You're not serious are you in treating us like kids in this serious business?

Well, you're acting like an ignorant kid. Clearly you don't understand how radio transmissions work over incredibly long distances or how signal strength affects transmission rate. This is basic spaceflight, not a conspiracy.


Strangely enough, you want to zero in on this time lag that virtually EVERYBODY understands.

It's not really about the "time lag," it's about bandwidth and signal strength limitations caused by the distance. If all the data could arrive at once with ONLY the light delay as a consideration it wouldn't be much of an issue. We'd have all the data within a day. That is not the case here, but the limitations I just described ARE the subject of the thread. If that's not what you want to talk about then perhaps this isn't the right thread for you. This IS the primary discussion.

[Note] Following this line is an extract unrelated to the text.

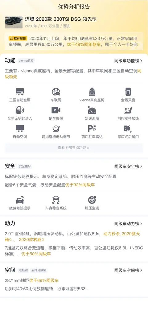 接下来,让我们聚焦今天的主角——一辆二手迈腾,具体版本为2020款330TSI DSG领先型。这款车已行驶6.3万公里,上牌时间为2020年11月,车牌所在地和车辆所在地均为西安,车身颜色为黑色,尚未有过过户记录。新车指导价为21.99万元,而现在的二手市场报价为10.68万元,这一价格相较于新车价格具有明显的性价比优势。对于寻求高性价比和稳定用车体验的消费者来说,这辆二手迈腾无疑是一个值得考虑的选择。

There you go again, trying to shift the discussion away from the point. The true subject of the thread was not the problem of telemetry limits but the fact that some people, so rocketman says, will be unwilling to accept the official explanations and that the announcement beforehand was an preemptive strike which some of us saw as suspicious given other efforts going back at least to the Viking missions to suppress, ignore and disclaim evidence contrary to an official stance.

The recent lack of a full release of info on light spots on Ceres is another issue that points out that supposedly innocent, scientific data is being censored from the general public if not other members in the scientific community not directly connected to such programs. And then, there were the discoveries decades ago of pulsars and then quasars that were withheld from the general public.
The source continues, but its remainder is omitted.